It takes a reason to reason

Walking home from work I listened to a podcast of BBC radio’s Analysis program. It dealt with political story telling. Some of the most interesting and insightful comments were made by the American clinical psychologist and political strategist Drew Weston. Here a is a link to an interview with Weston.

In the short sound bites that were included in the analysis program Weston made the point that cold objectivity alone cannot capture peoples’ imaginations nor motivate them to think deeply. It is emotion that leads people to reflect on their own prejudices and perhaps even change their world views. He summed this up in the phrase “it takes a reason to reason”. I also liked his neat line “I don’t think anyone remembers Martin Luther King’s ‘I have a plan’ speech. ”

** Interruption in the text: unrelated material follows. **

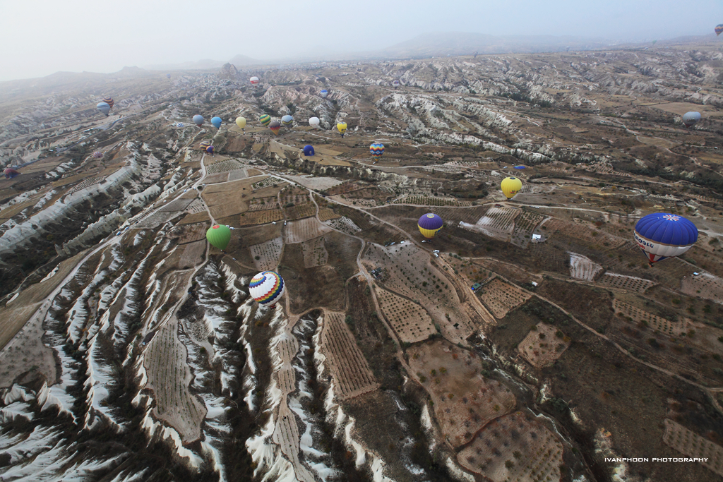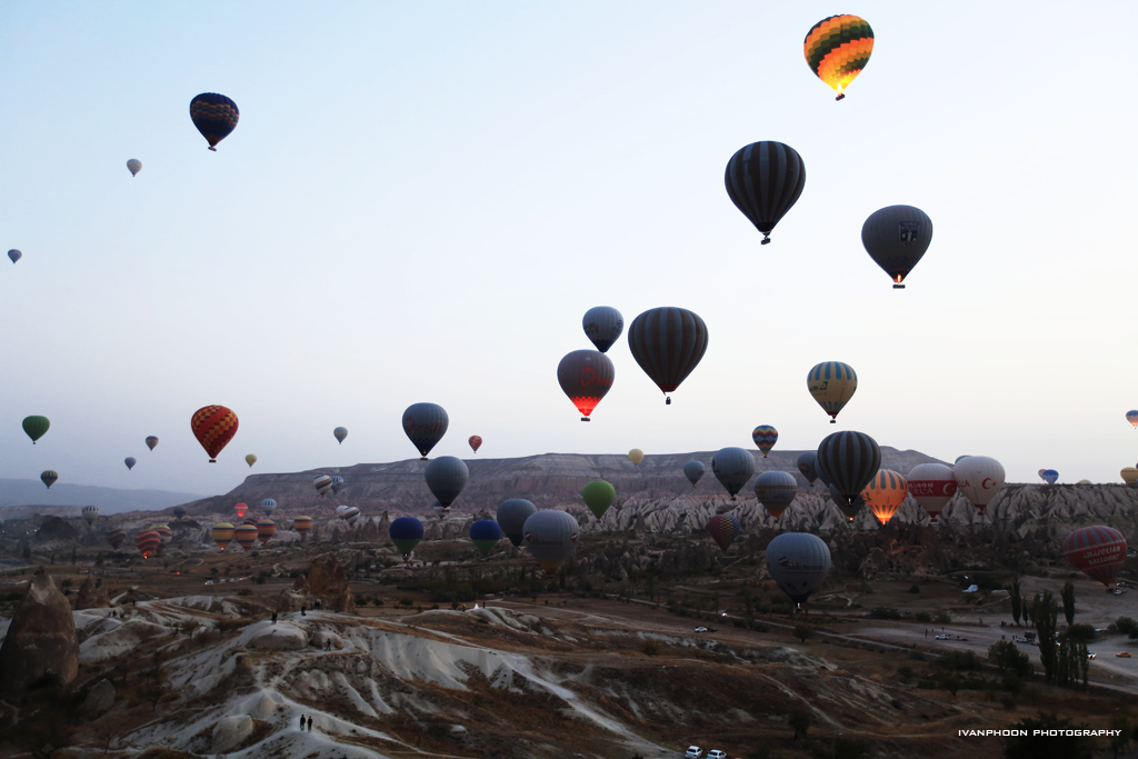隔天一早便赶去Sunset View Point 拍摄热气球,上面的人潮多的很,美眉们都穿上礼服拍摄。 今早的空气质素不错,能清楚的看见对面的Uçhisar城堡。 从天黑到天色渐渐亮起,热气球也慢慢升起,空中的热气球也越来越多。 早上观看热气球还挺冷的,最好多穿一些,我都全副武装才敢去拍摄,女皇冷到鼻涕直流 .... 飞行员胆子真大,把热气球飞到岩石边上,站在那儿都能清楚看见篮筐里的人。 今早天气还是阴阴沉沉,没法拍摄到大片!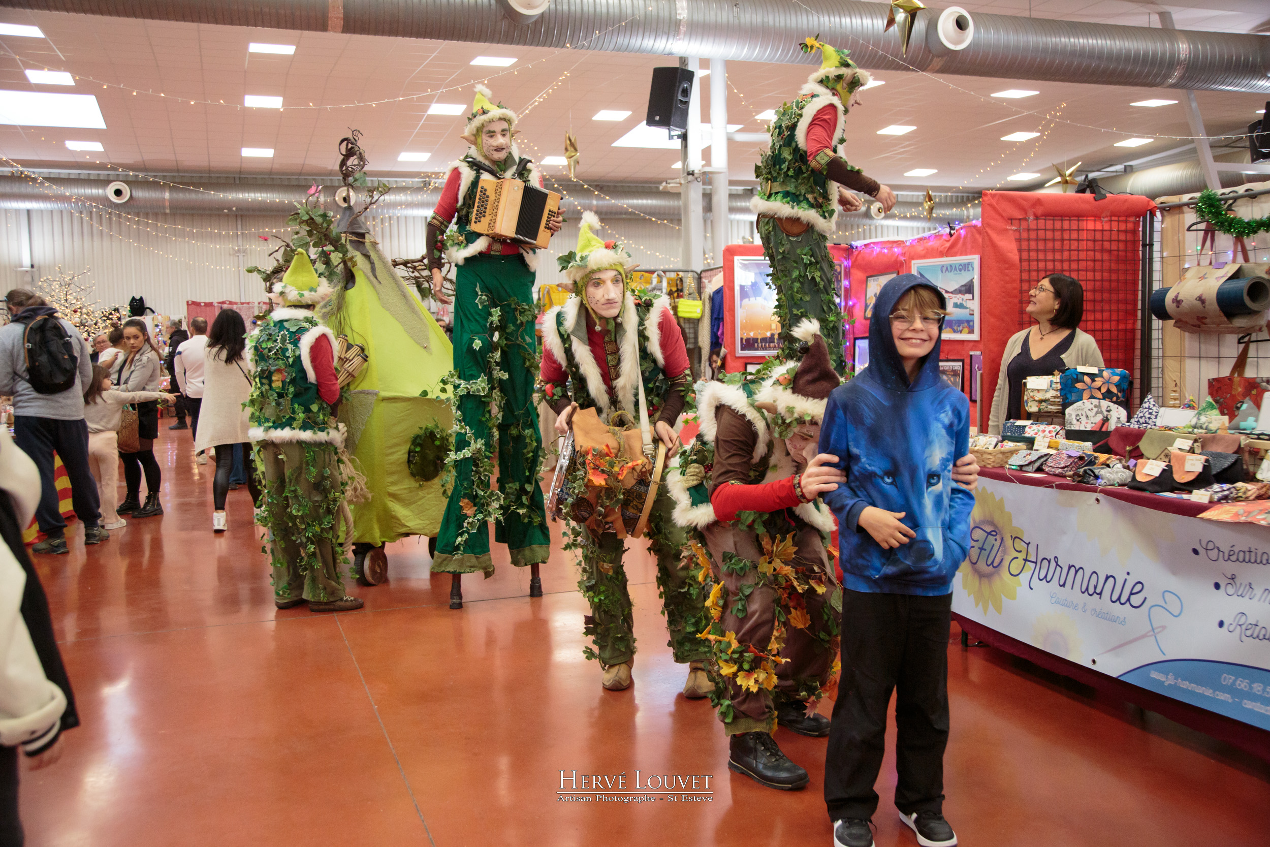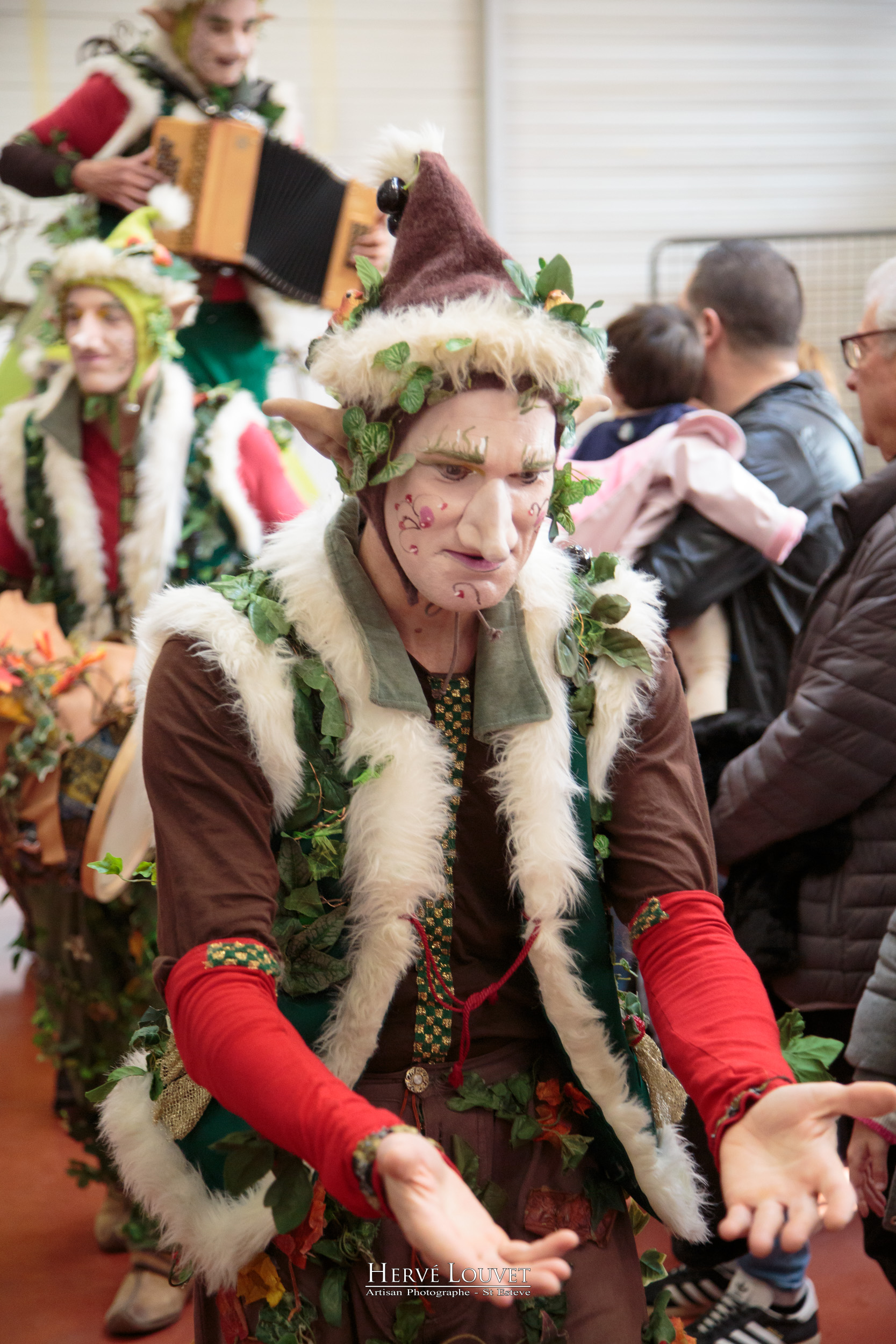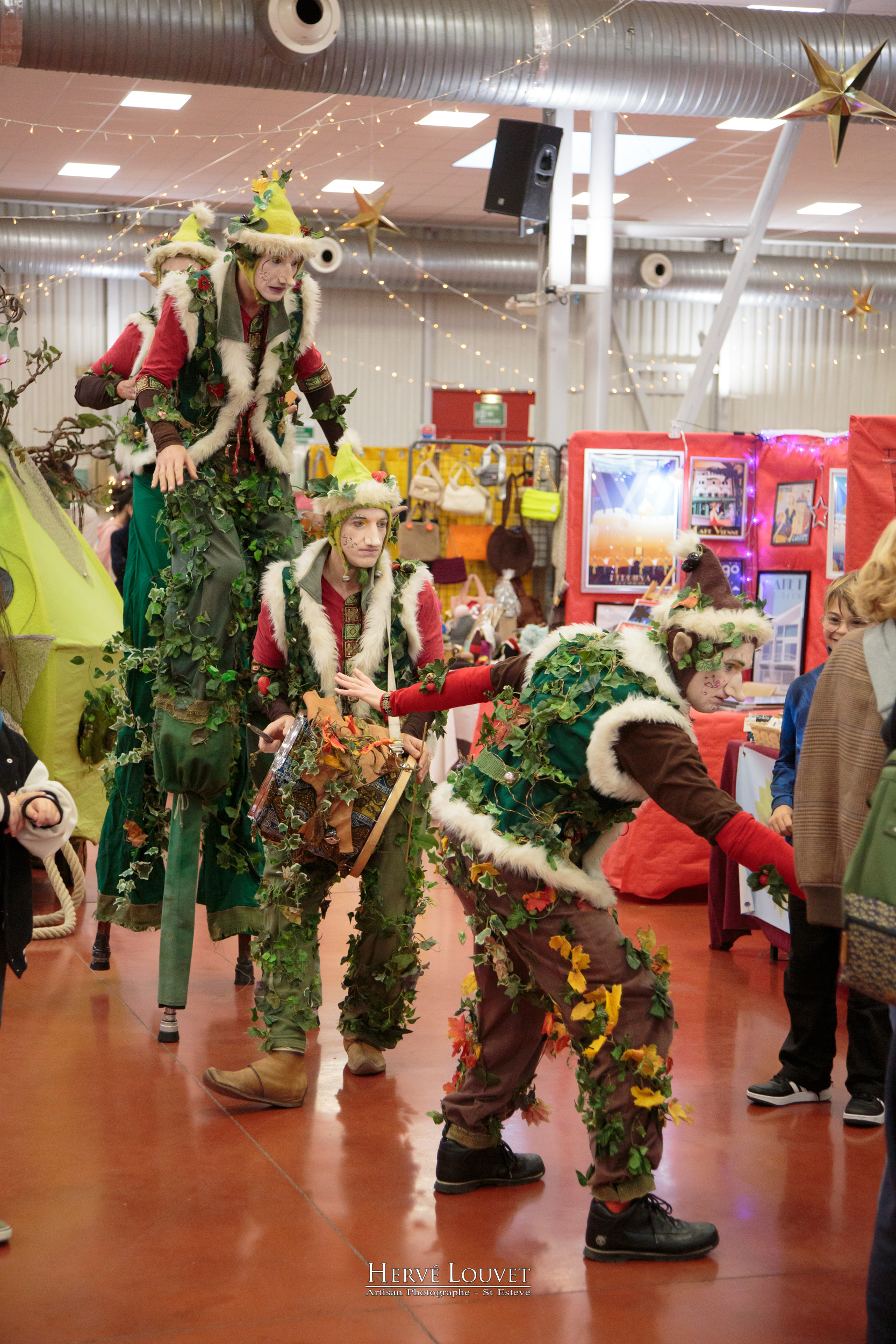 Des Lutins de la Forêt perché sur échasses, musicien, jongleurs de massues. Déambulations Féeriques

This is relevant in the year of Barak Obama. Whatever the outcome of the primaries it is now inevitable that, one way or another, the most powerful nation in the world will soon be led by its first rational president in almost a decade. It is always easy to be cynical about politicians’ appeal to peoples’ emotions. Weston makes the point that an appeal to the right sort of emotions is much more likely to get rational things done than an appeal to logic alone. That is why Al Gore’s passionate, if not wholly accurate, treatment of the climate change issue has been such an important contribution to changing the direction of the climate debate towards one based on rational evaluation of evidence.